Уж и не припомню, когда это началось... Первые курсы института... ещё до встречи евтушенковского «кровать была расстелена и ты была растеряна» ... Самое начало 60-ых?  Разве  т а к  можно?  ТАК откровенно –  Это ей посвящено.
– Ей?
– Ну да, «Надменность рыжей чёлочки и каблучки-иголочки»... 
Взрыв, взаимоисключающих чувств: целомудренности (недавние школьницы, жертвы раздельного обучения, совкого ханжества) и свободы от всяческих табу. ОНА – ещё только имя, несколько стихотворений (в «Юности»?, «Дне поэзии»?)
И вскоре – несказанная удача. Линка (подружка) приносит тоненький сборничек «Струна».
 – Откуда??!!  Изумлению моему нет предела.
 Буднично – в газетном киоске у метро «Измайловская». Хохочем. Она ещё широко не известна,  ещё продаётся в газетных киосках (!) и  не из-под прилавка ...  Неосведомлённость киоскёра – наше везение!
 Сейчас представить это невозможно. Ничего не покупалось. Всё доставалось. Книги как продукты питания.
Увижу её позже. На «Магистрали» с Вознесенским.
«Магистраль» – литобъединение. Одно из лучших и известнейших в Москве. При доме культуры железнодорожников. Его руководитель – Григорий Михайлович Левин – поэт по составу крови. Рыцарь её Величества Поэзии. Вдохновенный, громкоголосый, с пожаром в душе и глазах, летящий, спешащий, вечно опаздывающий, потому что должен одновременно находиться везде, он способен с полуоборота завести любой зал.  По абсурдной совковой идее в литобъединении должны заниматься железнодорожники и их родственники. Поскольку, по объективным  причинам, это положение не выполнимо, своё мастерство мы оттачиваем по праздникам  на стихах, посвящённых железнодорожному транспорту. Мы их читаем на каких-то открытых и закрытых площадках и, кажется, печатаем в малотиражке. В остальное время – неподцензурный беспредел: читаем и обсуждаем свои стихи и стихи, которые, по мнению Левина, нам н е о б х о д и м о  знать. За это у Григория Михайловича периодически возникают мелкие и крупные неприятности вплоть до закрытия литобъединения, которое потом возрождается каким-то мистическим образом... У Левина чуткое ухо и сердце наставника, проводника. Он безошибочно определяет Поэта в начинающем. Он таскает нас по всем библиотекам, книжным магазинам, вечерам, где поэты  о ф и ц и а л ь н о  читают стихи. Он нам прокладывает путь в ЦДЛ, где можно увидеть живых классиков. Мы собираемся на квартирах  и читаем, читаем ...стихи, стихи...
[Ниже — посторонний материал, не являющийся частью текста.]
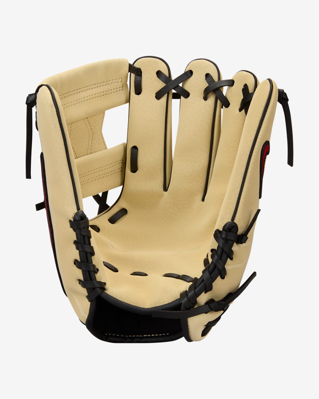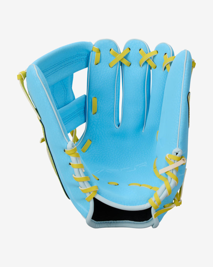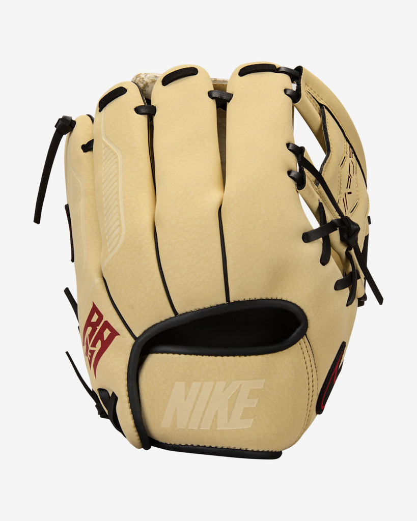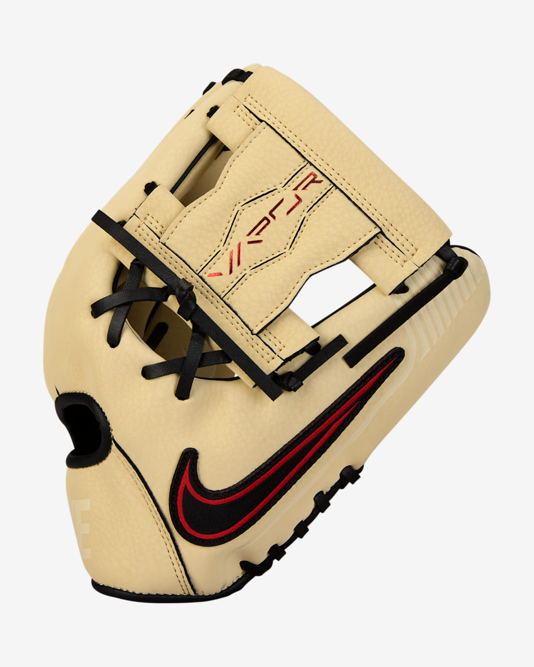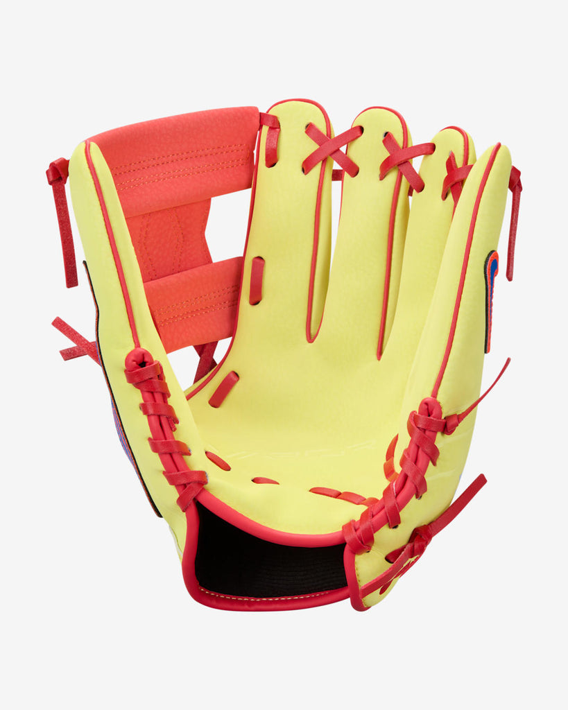 Grounded in baseball tradition, Nike Vapor is the result of state-of-the-art innovation and design excellence. Acuña’s signature version amps up the flash with colors inspired by his swagger and fearless, youthful energy, so you can make merciless plays in all-out style. It's designed with lightweight, synthetic material that's flexible for more give and natural hand movement, while flat welting on the fingers adds support and structure.
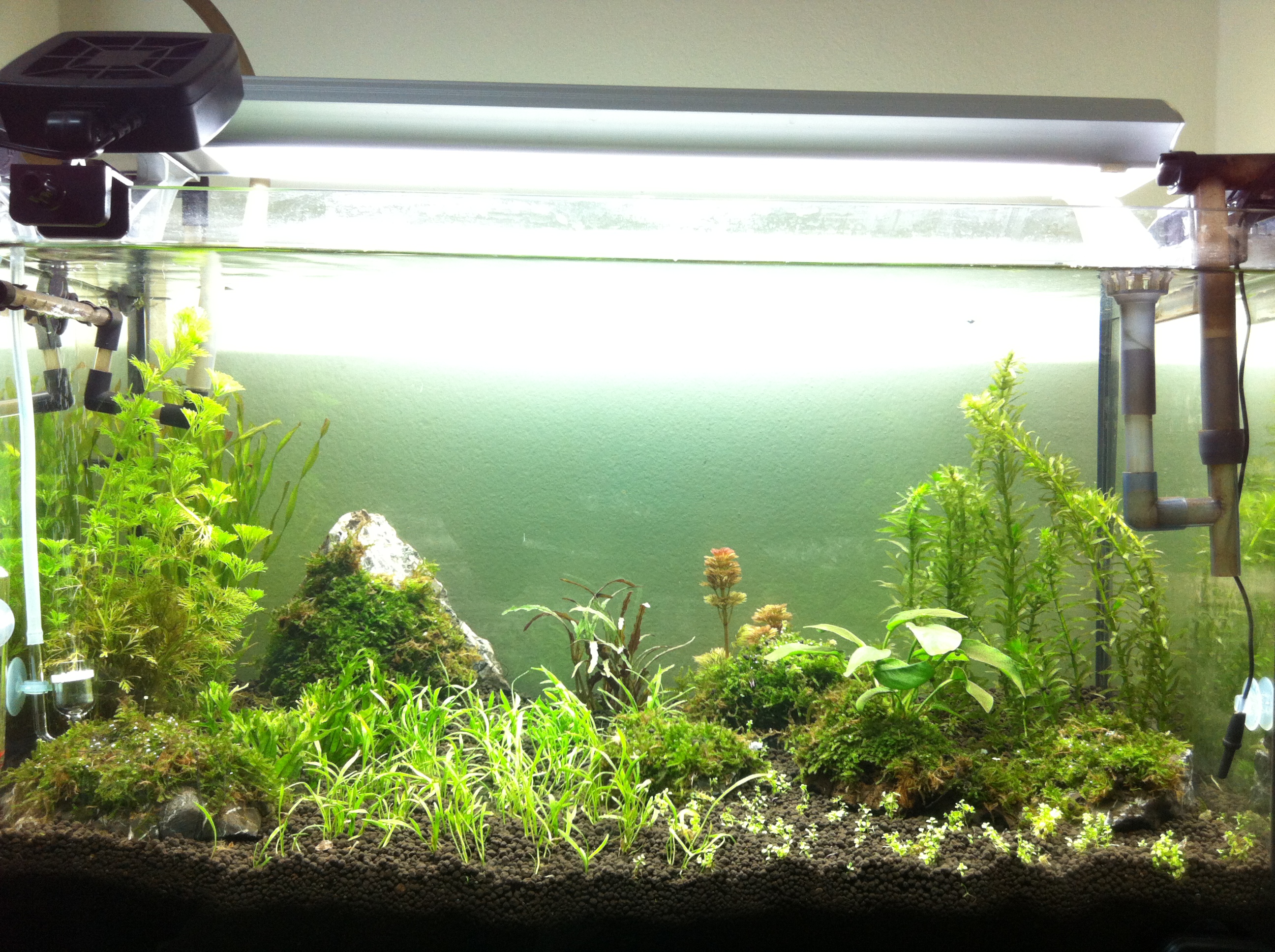 สองวันเเล้วนํ้าใสดีครับ เอาต้นอเมซอนออกเเล้ว เพราะใหญ่เกินไป ส่วนเทปเกลียวสิงคโปร์ตอนเเรกจะเอาออกเเต่มันก็สวยดีเลย ตัดครึ่งนึงเเละปักลงดินครับ + ซื้อหญ้าลิ้นงูเห่ามาเพิ่ม 1 pot (เดิมมี 2 pot) เเละหวีดจิ๋ว 1 pot ครับผม
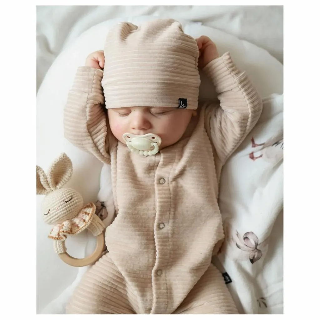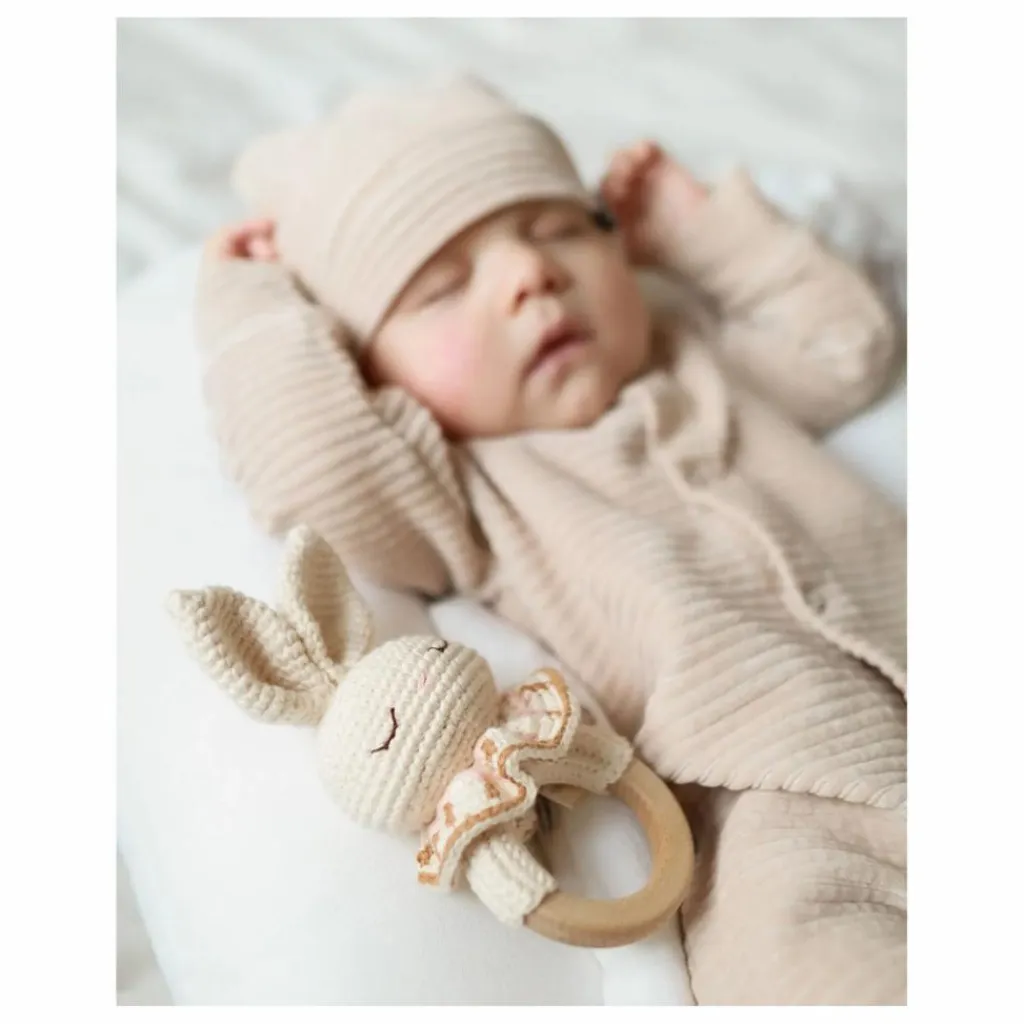 - Notre anneau de dentition Bonnie the Bunny soulagera les gencives douloureuses de votre bébé pendant la phase de dentition. Cet adorable jouet sera un compagnon idéal pour votre enfant ! Fabriqué avec soin à la main à partir de coton biologique certifié GOTS. Nos produits sont fabriqués avec amour par des artisans talentueux qui utilisent des techniques traditionnelles. Chaque pièce est vraiment unique et porte l’individualité de l’artisan qui l’a fabriquée. Tous nos jouets sont sans danger pour les peaux sensibles. Conçu en Norvège Fabriqué à la main de manière éthique en Turquie – 100% coton biologique – Hypoallergénique et naturellement antibactérien – Teintures éco-responsables et non toxiques – Rembourrage : polyester recyclé (Global Recycling Standard) Conforme aux normes CE Convient dès la naissance Instructions de nettoyage Anneau en bois d’érable naturel. Nous recommandons de le nettoyer à la main avec de l’eau savonneuse. Ne pas utiliser de nettoyants abrasifs ou d’autres techniques de nettoyage et de stérilisation. Laisser sécher à l’air libre. Conserver dans un endroit propre, à l’abri de la lumière et de l’humidité.

Но и этого мало! Левин знает всю литературную Москву (и не только!). Он любим молодыми и маститыми, и они с радостью выбираются к нам на литобъединение.
Сколько раз, почти в семейном кругу, я слушала Вознесенского, Ахмадулину, Окуджаву, Арсения Тарковского... Юность пребывает в вечности: ничего не надо беречь – всё что есть, будет всегда... не записывала... не сберегла. Теперь собираю по крупицам по сусекам памяти... вот в этот самый момент, моя рука потянулась к тому «Избранное» Беллы... наугад попадаю на последний абзац её предисловия: «Кто-то скучает по своей молодости, совпадающей с началом моей литературной жизни, и недосчитается каких-то воспоминаний, связанных со мной, – прошу простить меня...Я жила на белом свете и старалась быть лучше.» 
Ну не удивительно ли?...
Не помню хронологии... Очень близко – они с Вознесенским – недавно вернулись из Парижа (само словосочетание кажется невозможным!). Оба молоды и выглядят пришельцами. У Андрея вместо галстука шейный платок. Она в чёрно-белом, невероятном. Это сейчас я могу подобрать слово – э л е г а н т н а, а тогда – просто чувство восторга от созерцания т а к о й, в прямом смысле нездешней красоты. Так тогда не одевались. Охота на стиляг ещё имеет место или недавно закончилась. Гласно и негласно контролируется стиль одежды, причёски, музыкальные предпочтения, круг чтения. Один только внешний вид этой пары, по сути, являл крамолу. Он был вестью из-за железного занавеса: есть миры, где свобода выбора личного пространства является повседневностью. Оба – иллюстрацией,  вестниками  с в о б о д ы. Вознесенский рассказывает об их выступлениях в Париже. Переполнен впечатлениями, говорит о зале, поразившем его воображение –  там постоянно звучит музыка , и меняется подсветка стен. Повествует, шутит, играет... «а потом на сцену вышла Белла. Накануне ей сделали новую стрижку...». И тут с ним что-то случается, он перестаёт играть и начинает задыхаться от восторга: «Представляете её выкрасили в рыжий цвет и постригли вот так и так (показывает «каре»). Она читала, а потом зал сошёл с ума. Они её просто не могли отпустить. Потом все газеты вышли с её портретами... её называли секс символом России»...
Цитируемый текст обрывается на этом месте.